The "link" you have actually is a URL. URLs are special and are not allowed to contain certain characters, such as spaces. These special characters can still be represented, but in an encoded form. The translation from special characters to this encoded form happens via a certain rule set, often known as "URL encoding". If interested, have a read over here: http://en.wikipedia.org/wiki/Percent-encoding
The encoding operation can be inverted, which is called decoding. The tool set with which you downloaded the files you mentioned most probably did the decoding already, for you. In your link example, there is only one special character in the URL, "%20", and this encodes a space. Your download tool set probably decoded this, and saved the file to your file system with the actual space character in the file name. That is, most likely you have a file in the file system with the following basename:
Scheherezade Theme.mp3
So, when you want to open that file from within Python, and all you have is the link, you first need to get the decoded variant of it. Python can decode URL-encoded strings with built-in tools. This is what you need:
>>> import urllib.parse
>>> url = "http://www.stephaniequinn.com/Music/Scheherezade%20Theme.mp3"
>>> urllib.parse.unquote(url)
'http://www.stephaniequinn.com/Music/Scheherezade Theme.mp3'
>>>
This assumes that you are using Python 3, and that your link object is a unicode object (type str in Python 3).
Starting off with the decoded URL, you can derive the filename. Your link.split('/')[-1] method might work in many cases, but J.F. Sebastian's answer provides a more reliable method.
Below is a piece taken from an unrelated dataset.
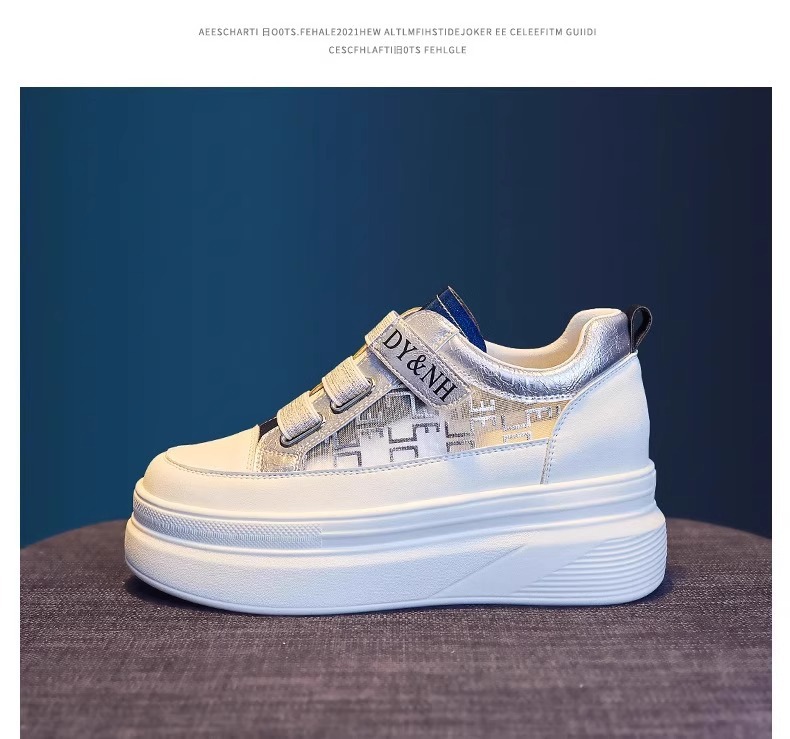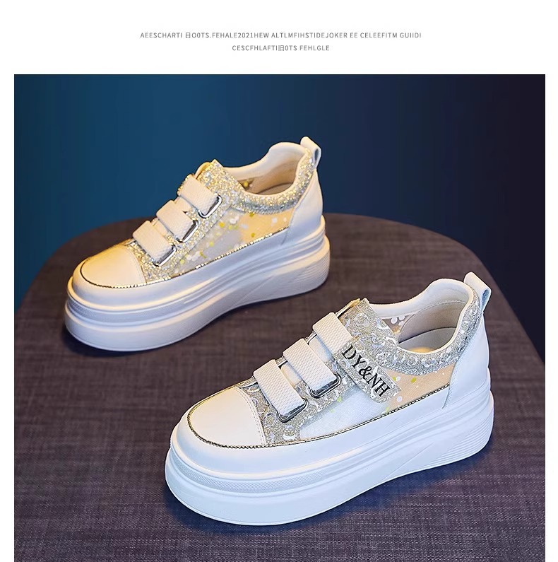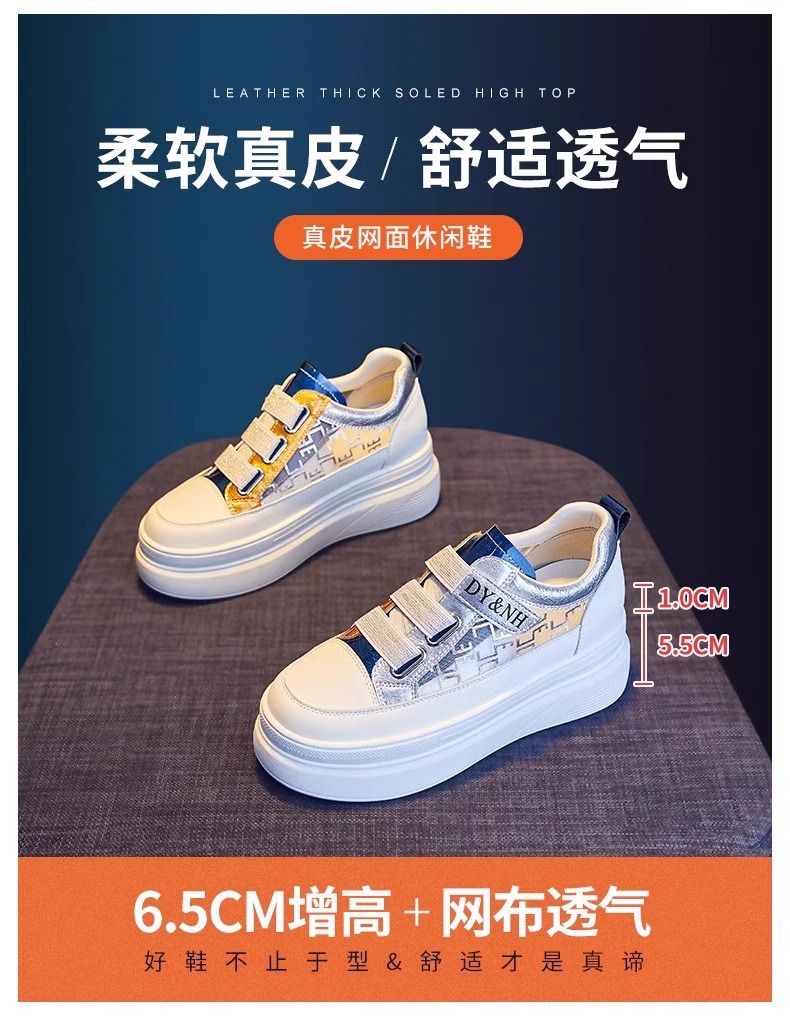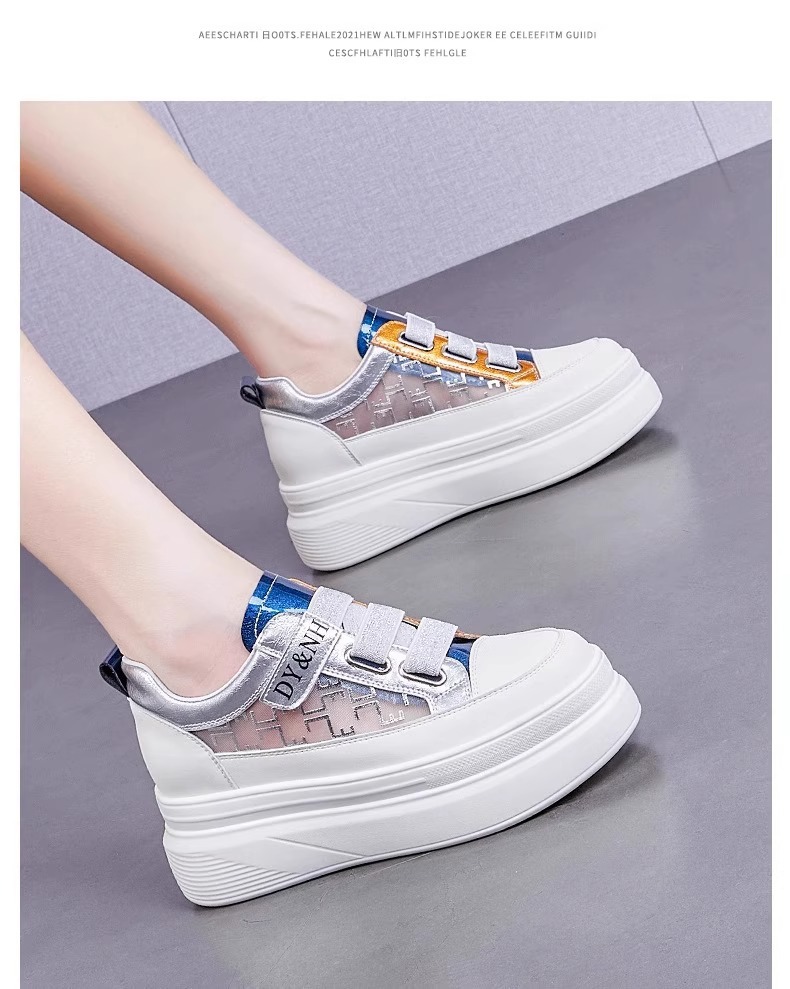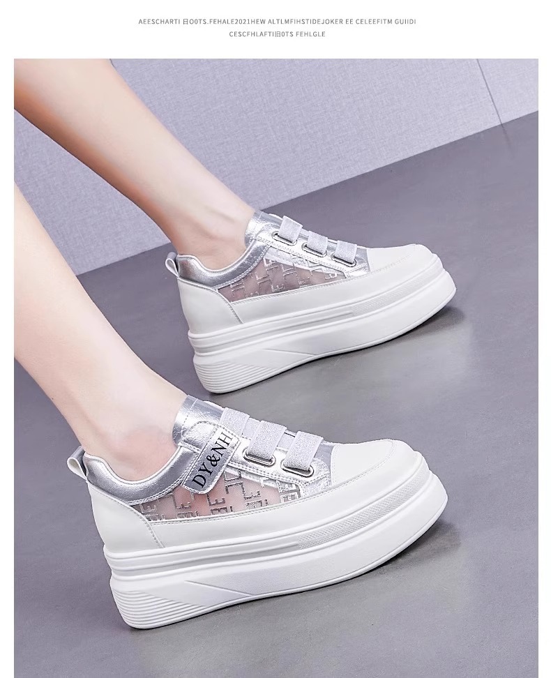 여성을위한 플랫폼 두꺼운 밑창 흰색 신발 2025 여름 새로운 스타일 벨크로 통기성 메쉬 다목적 캐주얼 내부 높이 증가 여성 신발스토어 가기

To extract a filename from an url:
#!/usr/bin/env python2
import os
import posixpath
import urllib
import urlparse
def url2filename(url):
"""Return basename corresponding to url.
>>> url2filename('http://example.com/path/to/file?opt=1')
'file'
"""
urlpath = urlparse.urlsplit(url).path # pylint: disable=E1103
basename = posixpath.basename(urllib.unquote(urlpath))
if os.path.basename(basename) != basename:
raise ValueError # refuse 'dir%5Cbasename.ext' on Windows
return basename
Example:
>>> url2filename("http://www.stephaniequinn.com/Music/Scheherezade%20Theme.mp3")
'Scheherezade Theme.mp3'
You do not need to escape the space in the filename if you use it inside a Python script.
See complete code example on how to download a file using Python (with a progress report).

Related

Unicode issues with tarfile.extractall() (Python 2.7)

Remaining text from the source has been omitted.